Don’t worry if it looks complicated it has a simple meaning:

Take a function $G(y)$ that behaves differently depending on the shape of the distribution. Apply it to your signal $Y$, and compare its average to what you’d expect if $Y$ were Gaussian. If the result is far from the Gaussian case, then $Y$ is likely non-Gaussian.

By squaring the difference, we ensure the result is always positive (since negentropy is ≥ 0) and emphasize larger deviations.

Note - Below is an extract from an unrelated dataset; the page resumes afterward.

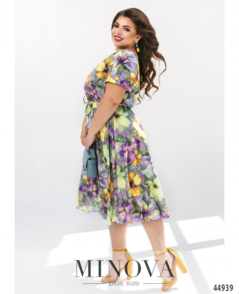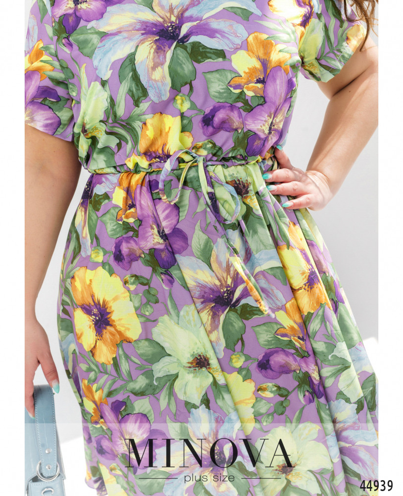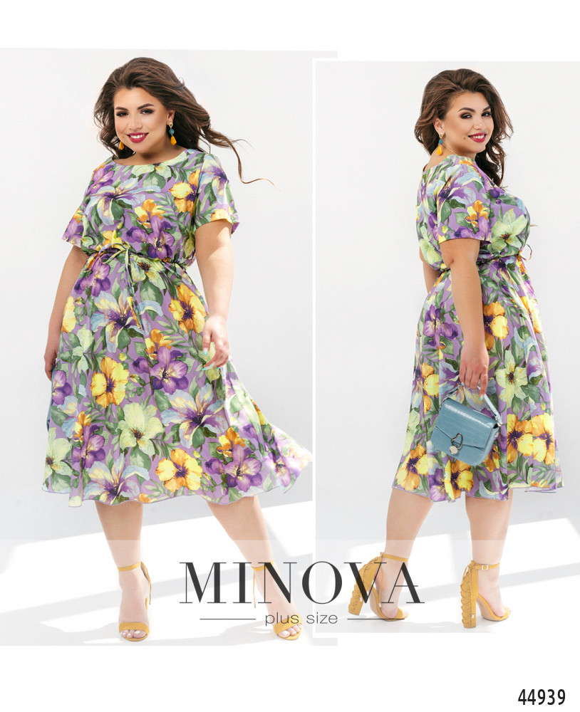 Стильное платье большого размера с коротким рукавом, без застёжек и карманов, с широким полукруглым вырезом горловины. Через талию пропущен шнурок под кулиской, подол ниспадает мягкими оборками.

What kind of function should we use for $G(y)$? It needs to meet three criteria:

Be non-quadratic, since quadratic functions can’t distinguish Gaussianity.
Be sensitive to things like heavy tails or skewness.
Be smooth and differentiable, so optimization algorithms can work efficiently.

Several good choices have been proposed. The most popular and the default in fastICA() is:

\[ G(y) = \log \cosh(\alpha y) \]

This function:

Is symmetric and grows like $|y|$ for large values,
Is less sensitive to outliers than $y^4$,
Has a simple derivative: $G'(y) = \tanh(\alpha y)$, which is fast and stable to compute.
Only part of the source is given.